Krishna’s grandparents, Baleraju Krishnamrajegaru and Baleraju Kasturi Bai were prolific figures in art, music, dance, and theatre. They were among the first editors of Sutradhari magazine — one of the earliest film magazines in Telugu — and travelled extensively across countries for performances and cultural exchanges. All of this — the art, culture, and global exposure in his family deeply shaped Krishna’s thinking, ideals, and aspirations while growing up. “My grandfather also served as president of the Indo-Japanese Friendship Association, and he and my father often represented India in Japan,” informs Krishna.
Shaping Aayana as a movement
“We are fortunate to have built a global community of more than 5,000 learners and collaborators. We don’t see them as ‘students’ alone, but as co-creators and fellow travellers on the journey of dance,” he says, adding that together, they aim to make art accessible, transformative, and inclusive.
“Aayana continues to dance with purpose, bridging the local and the global.

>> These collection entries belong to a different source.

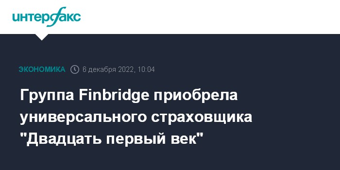 Группа Finbridge приобрела универсального страховщика "Двадцать первый век"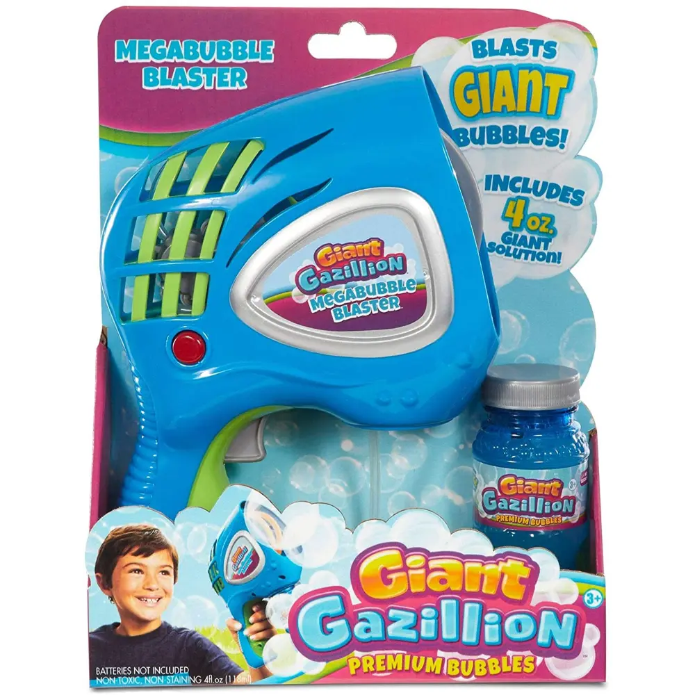 أطلق فقاعات عملاقة بحجم 6 بوصات بنقرة زر واحدة مع جهاز إطلاق الفقاعات العملاق الجديد كلياً من غازيليون. يُنتج هذا الجهاز العملاق وحلول الفقاعات فقاعات أكبر من أي وقت مضى.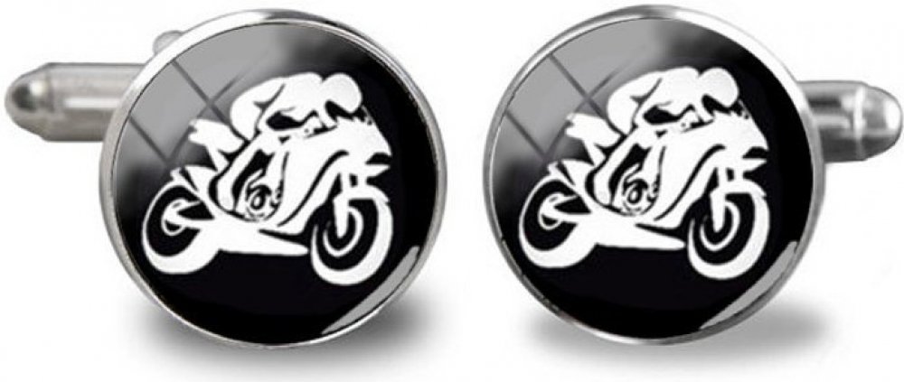 Manžetové knoflíky pro příznivce motorek. Manžetové knoflíčky se nosí pouze ke košilím, které mají zesílené lemy rukávů. Knoflíčky jsou vyrobeny z bižuterního kovu s lesklou povrchovou úpravou.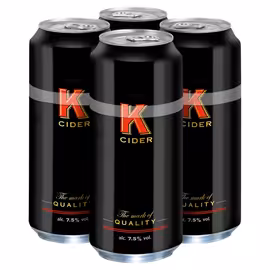 K Cider is a premium strong apple cider manufactured and distributed by C&C Group plc, one of the UK's leading drinks companies. Recognisable by its distinctive black cans with the iconic scarlet K logo, this full-bodied cider is crafted from a unique blend of English apples, containing 70% apple juice fermented to its natural alcoholic strength. With an ABV of 7.5%, K Cider sits firmly in the strong cider category, offering a robust drinking experience. The brand has a heritage of producing high-strength natural cider, though the ABV has been gradually reduced from its original 8.4% over the years. Produced at C&C Brands' facility in Glasgow, K Cider uses the slogan "The Mark of Quality" to emphasise its commitment to authentic cider production. K Cider occupies a value-oriented position in the UK cider market, offering affordable pricing for budget-conscious consumers who appreciate a stronger cider. The 500ml can format is the standard offering, with multipacks of 4 or 24 cans commonly available at supermarkets and off-licences across the UK. Compare K Cider prices at Grocefully to find the best deals at UK supermarkets including Lidl. Please drink responsibly and be aware of the higher alcohol content compared to standard ciders.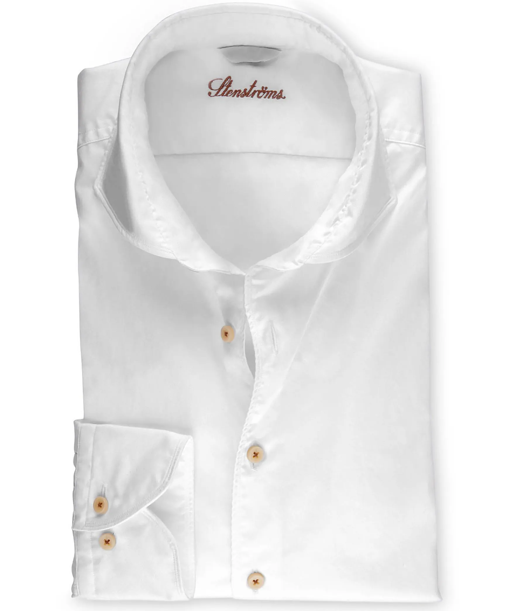 Vit Skjorta Fran Stenstroms. Fitted Body, Tvattad For En Avslappnad Look, Enkel Manschett, Parlemorknappar Med X-Stygn, Cut Away Krage. Tillverkad I 100% Bomull.*Fitted Body*Tvattad*100% Bomull

Perhaps if more of our leaders, thinkers, and policymakers embraced the spirit of artists, the world itself would be a very different place,” adds the dancer-choreographer.
Krishna Manognya Baleraju’s vision is to ensure that access to art isn’t limited to dance classes in one city, but spreads into every corner of society — rural and urban alike. “We see Aayana not just as a company but as a movement, one that brings dance and art closer to people everywhere,” he signs off.